That's where the work I do comes in to the picture.

What is the promise of the internet – and in particular the web – if not the stringing together of all the things that came before or that follow any given moment?

When people ask me what I am doing I tell them it is to ensure that every aspect of a trip to SFO, and every facet of someone’s time spent in the airport, leads back to the museum’s collection and that we are using the internet to make that possible.

That means the terminal you're standing in or the boarding gate you're waiting at, the airline or aircraft you're flying on, the places you're traveling to, the gallery space you're looking at or the places the objects in an exhibition are from. All of it. And all of it holds hands in some way with our collection.

By the way this is not how I see my role in relation to the airport or the museum. This is a mock-up I made to suggest installing the dinosaur that used to be on display in the old Terminal 2 out on the airfield. It's unlikely to ever happen but it's a nice idea, right?

I have also written a 5,000 word paper about that work for this conference and I don't want to spend my time with you today parroting everything I've already said there.

I want to do a high-level overview of the what and how discussed in detail in the paper so that we can spend a little more time on the why.

And then a little more time still on how I see our work in the context of some larger sector-wide dynamics that I believe we all need to address.

To explain what we're doing I need to begin with some basic statements of truth in our world:

  • That the notion of place is inseparable from an airport. After all everyone passing through our doors is coming from or going to some place.

  • Like the passengers everything the museum displays in its gallery cases is also from some place.

  • Part of SFO Museum's mandate is the history of the airport.

  • History is inseparable from place.

With that in mind we have made place and time (history) the joints – really a kind of double-joint – around which everything in the collection pivots. Everything means individual objects all the way up through the terminals and the airport itself and then beyond SFO to the other airports, cities and countries that are relevant to our collection. Then we multiply it all by time allowing any event – an exhibition, say – to be situated in a context relevant to that moment.

SFO in 1982, for example, was a very different place than it is today in 2019.

For those places outside the airport campus we are using an existing openly licensed gazetteer of places called Who's On First for record identifiers. This is our shared vocabulary for place.

For those places inside the airport we are extending the Who's On First model to represent the buildings and interior spaces over the years.

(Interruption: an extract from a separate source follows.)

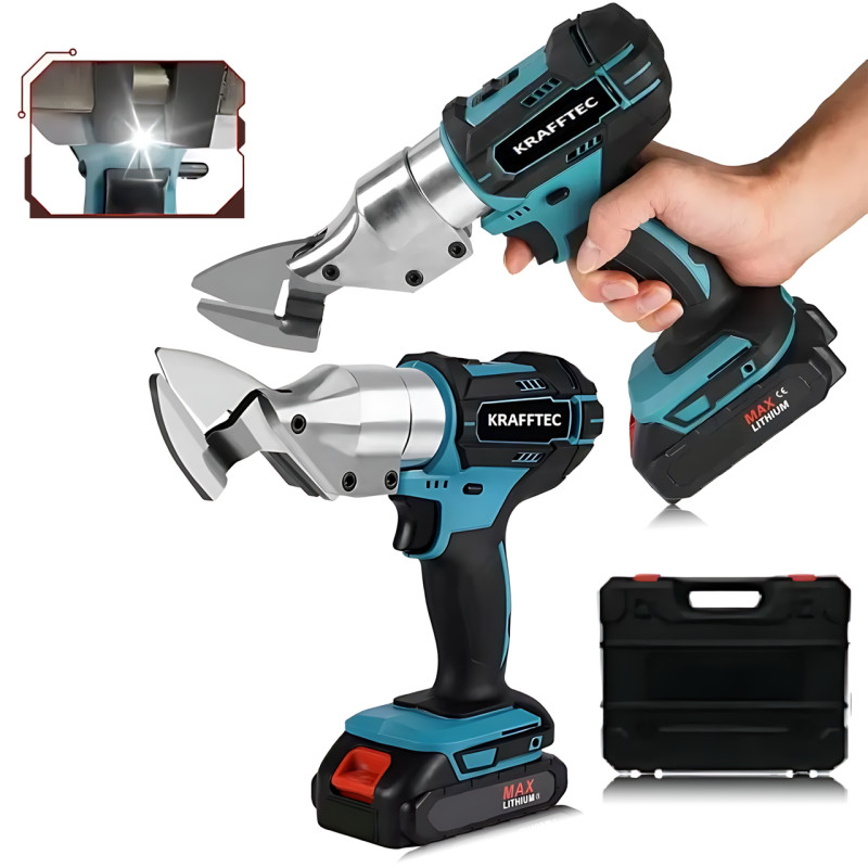 Аккумуляторные ножницы по металлу Krafftec DJS130RFE 36V 5Ач, 2 АКБ, кейс, поворотная головка 360°, до 1.8 мм

For example there are multiple records for "Terminal 1", each representing a unique phase-shift in its history. A phase-shift is defined as any meaningful change in how a passenger might experience that place. For example, the experience and the meaning of "Terminal 1" will change once more this summer with the opening of a new and much larger terminal named after Harvey Milk.

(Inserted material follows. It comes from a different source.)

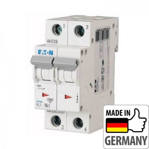 Автоматичний вимикач EATON серії PL7 призначений для захисту електричних ланцюгів від струмів короткого замикання та перенавантаження. Легко монтується на DIN-рейку, прямокутний індикатор положення контактів (увімкнено / вимкнено), можливість підключення додаткових пристроїв. Індикації номінального струму автоматичного вимикача - кольором керуючого важеля (у кложного намінала свій окремий колір). Автоматичні вимикачі серії PL7 дозволяють підводити живлення як зверху так і знизу.

Each instance of Terminal 1 is linked to the record that precedes it and the record that follows it. We model any and all the architectural elements in our collection this way creating a tapestry of breadcrumbs that spans both place and history.

We are extending this approach to galleries and exhibitions as well as things in our collection that don't have ground truth; they aren't physical places you can visit. This includes objects and constituents, airlines and aircraft, historical flight data as well as photographs of things directly and indirectly related to the collection.

This is ongoing work and we may still paint ourselves in to a few corners but we think it is a promising approach.

I have always seen the Cooper Hewitt's search-by-colour functionality as a deliberate attempt to manufacture avenues in to their collection for people who do not already have an intimate knowledge of the decorative arts. We are trying to do the same thing, but with space and time, for our collection.

We are building for the web first, rather than targeting any of the big platform vendors.

The web embodies principles of openness and portability and access that best align with the needs, and frankly the purpose, of the cultural heritage sector.

We are also publishing everything as openly-licensed data. We have chosen to publish everything using the GeoJSON format because it has a near-zero barrier to entry, is flexible enough to accommodate museum-specific metadata and because it is supported by nearly every geospatial application, open and closed source, on the market today. Everything we publish has location baked in to it from the start.

There is one other important twist in the way we are publishing open data.

Historically the model for most digital or web-based initiatives has been to first export data from an internal collections management system. Second, that data is massaged in to an intermediate form for use by the project at hand and then third, exported again in to a typically bespoke machine-readable format.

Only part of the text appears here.